The doctor explained. "You'll need to completely cleanse your system tomorrow before I perform your balloonoscopy on Thanksgiving morning, Mr. Underdog. The balloonoscopy itself involves blowing you up with helium, of course."


"'Of course'? 'Of course'? Helium pumped in a dog by force?"


Sid chimed in. "The helium is what makes you float, Underdog. How did you think you were going to float?"


I hadn't thought about that, I must admit. How else WOULD I float? Jeez, what had I gotten myself into?


I put the prescription into my cape's inside pocket and signed the contract. I had no other options.


I stopped at the drug store on my way home and got the stuff. It was a huge, plastic, four-litre container with white powder at the bottom, along with four flavor packets to choose from.


The next day I read the instructions and started the process. I added water to the powder and shook it until the powder dissolved. I gulped down my first eight-ounce glass. It was vile. I tried adding a flavor packet. I chose cherry. Bad choice. It tasted worse. I drank another glass every ten minutes until the container was empty. I barely got each glass down without throwing up. Then the real fun began. Let's just say I stayed within close sprinting distance of the bathroom for the rest of the day, and we'll leave it at that. Finally it was over, and I went to sleep, exhausted.

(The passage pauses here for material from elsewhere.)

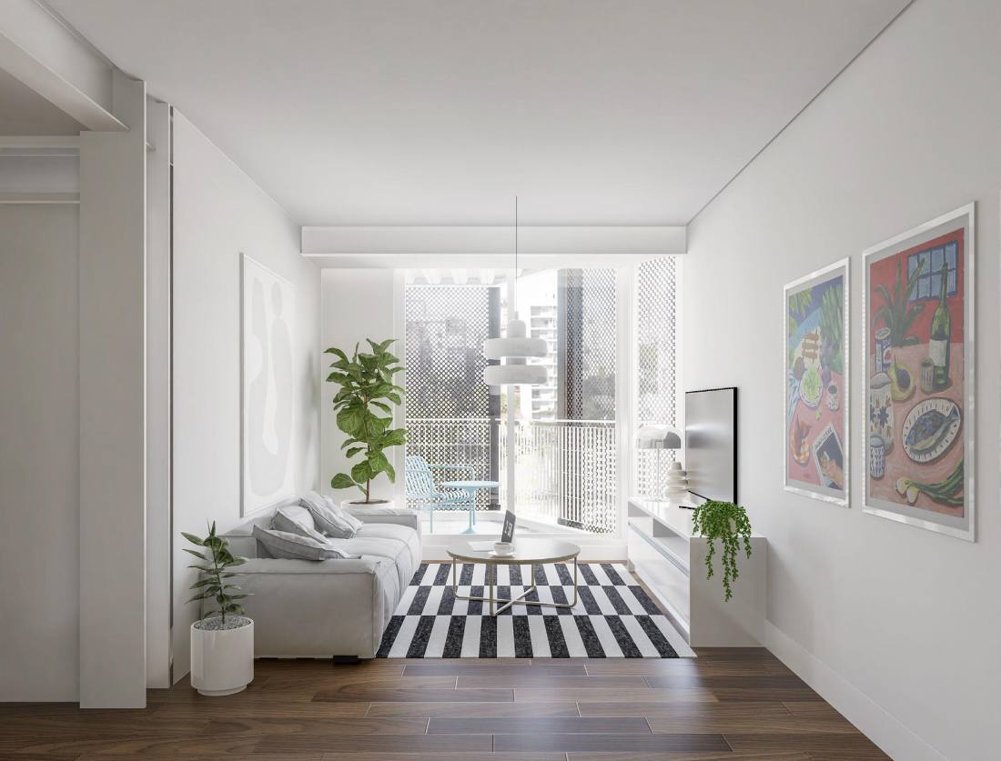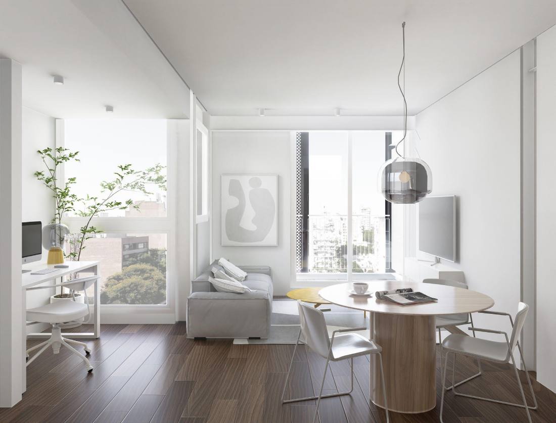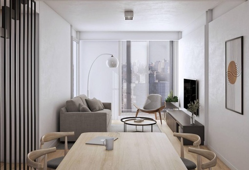 Amplio estar comedor con cocina integrada. Gran iluminación natural por balcón con salida al exterior. Baño completo y dormitorio con placard empotrado.Edificio ubicado a pocas cuadras de Bv. Oroño y Av. Pellegrini, excelente zona residencial a pocos minutos del centro de la ciudad. Excelente calidad constructiva. FORMA DE PAGO Financiación. Contado. COCHERA Opcional. AMENITIES Piscina; Solarium; Quincho; Parrillero TERMINACIONES - Acondicionamiento térmico: Calefacción a través de caldera BAXI, cañerías REHAU y radiadores (INCLUYE equipos) en todas todas las unidades salvo Amenities; Instalación de cañerías para equipos de aire acondicionado split (no incluye equipos); Muro de ladrillo de hormigón celular alta performance térmica y acústica; Cubiertas con aislación térmica 4cm alta densidad y hormigón dependiente alivianado con perlitas de poliestireno expandido; Pisos: Hall de Ingreso; Palieres: Porcelanato ILVA 60x60cm. o calidad similar; Espacios Comunes: Porcelanato Cerro Negro 60x60cm. o calidad similar; Exteriores: Pavimento intertrabado Pavitec o calidad similar; Ingreso cocheras: Loseta granítica Blangino; Solarium: Loseta atérmica o Deck WPC madera; 1 Dormitorio Baños: Porcelanato 60 x 120 Alberdi; Cocinas: Pisos Porcelanato 60x60 Cerro Negro; Dormitorios | Living: Pisos Hygge Flooring WPC madera (Noruega); 2/3 Dormitorio Baños: Porcelanatos 60 x 120 Portobello; Cocinas | Estar | Comedor: Pisos Hygge Flooring WPC madera (Noruega); Dormitorios: Pisos Hygge Flooring WPC madera (Noruega); Lavadero: Porcelanato Cerro Negro 60x60cm; Zócalos: 1. Zócalos de madera Blancos. Altura 10cm; 3. Zócalos cerámicos y/o graníticos exteriores y cocinas de 1 Dormitorio; - Revestimientos:1 Dormitorio: Cocinas; Lavaderos: Sobre mesada Cerámico Itagres 30x60 o calidad similar; Terminaciones con cantos de acero inoxidable; Baños: Cerámico Itagres 30x60 o calidad similar; Detalles en venecitas y terminaciones con cantos de acero inoxidable; 2/3 Dormitorios Cocinas | Lavaderos: Sobre mesada Porcelanato Itagres 30x60.; Terminaciones con cantos de acero inoxidable; Baños: Porcelanato Itagres 30x60 . Detalles en venecitas y terminaciones con cantos de acero inoxidable; - Carpintería metálica: Aberturas de aluminio Aluar A30New, anodizado natural VIDRIOS; DVH de alta prestación; Marcos de chapa DDN 18 para puertas placa con bisagras y sistema de cierre suave de acero inoxidable; Ingreso palier PB: Puerta pivotante marco acero inoxidable y vidrio de seguridad.; - Carpintería de madera: Puerta Placa Interiores con marco de chapa color blancas; Puerta Placa de Ingreso con marco de chapa color Wengue; - Placares y Muebles de Cocina: 1Dormitorio; Placares: Frentes en melamina color blanca con guías de aluminio; Equipamiento de cocina MDP en Melamina blanca Lisa, cantos de PVC 2mm y sistema de apertura perfil Gola aluminio anodizado natural; Sistema de cierre suave.; 2Dormitorios Placares: Frentes en melamina color blanca con guías de aluminio; Una hoja en Espejo; Equipamiento de cocina MDP en PVC blanco, sistema de apertura perfil Gola aluminio anodizado natural. Sistema de cierre suave; Cubiertero + Tacho; - Yesería: Enlucido de yeso en paramentos interiores.; Cielorrasos de yeso aplicados a la losa con buña perimetral y suspendidos en baños y cocinas.; - Artefactos: Bacha Cocina simple Johnson (1 Dormitorio); Bacha Cocina doble Johnson (2/3 Dormitorios); Lavadero: Simple Johnson; Baños: Bacha Ferrum Blanca Cuadrada o calidad similar.; Artefactos Roca línea Monaco o calidad similar.; Bañeras Ferrum o calidad similar. ; Platos de Ducha Five Saint; Horno y anafe a gas Longvie o calidad similar.; Campanas de cocina (solo en deptos. De 2/3 dormitorios); Griferías: 1Dormitorio Cocina: Monocomando Arizona; Baños: Monocomando Genebre (España) pared o calidad similar.;2/3 Dormitorio; Cocina: Monocomando Genebre (España) pared o calidad similar.; Lavadero: Monocomando FV Arizona cromo o calidad similar.; Baños: Monocomando Genebre (España) pared o calidad similar.; -Accesorios: Toallero, portarrollo, y perchas Arizona o calidad similar; Mampara laminadas.; - Marmolería: 1Dormitorio; Mesada de cocina: Granito Negro Boreal; Mesada de baño: Marmol Golfan Silver; 2/3Dormitorios·: Mesada de cocina: Silestone Blanco Norte; Mesada de Lavadero: Granito Negro Boreal; Mesada de baños: Marmol Golfan Silver; -Herrajes: En bronce platil.; - Ascensor / Iluminación: Ascensor de 13 paradas con cabina metálica y puerta automática en PB, de velocidad variable. Terminaciones en acero inoxidable piso de granito, espejo y cielorraso metálico con luces dicroled.; Instalación eléctrica línea Cambre Bauhaus; Instalación de artefactos en todos los espacios comunes (incluidos balcones y terrazas de uso privado).; - Varios Portón de ingreso cochera automatizado.; Previsión DTV.; Previsión de ubicación oculta de las unidades condensadoras de los equipos de aire acondicionado split.; Cortinas BlackOut roller (Solo en Piso 10°)Código web: CBU40496 AP4092177

My alarm clock went off at dawn and I kept my appointment with the gastroballoonologist at the hospital. The nurse told me my blood pressure was a little high, but said it was probably just due to balloonoscopy anxiety. She had that right. The anesthesiologist introduced himself and the nurse inserted an IV into my vein. I began counting backwards from 100. The next thing I knew I was waking up and my balloonoscopy was over. I hadn't felt a thing. It's like every Macy's balloon will tell you: it's the prep day before a balloonoscopy that's the ordeal. The balloonoscopy itself is a breeze. Literally.


I was strapped to the table to prevent me from floating to the ceiling. They wheeled me to the start of the parade route and attached tethers to me. A lot of my old friends were in the parade, and it was good to talk with them about happier times.


The parade started, and they put me in front of Popeye The Sailorman, and right behind Linus The Lionhearted. Linus was having a slight problem with flatulence, but that's quite common after a balloonoscopy.


I've been in the parade ever since, and I have to admit I now look forward to it. (Except for prep day.) It pays the rent, and it's good to see my friends every year and see the smiles on the faces of the kids lining the parade route.


And this year I'm hoping to get Betty Boop's phone number.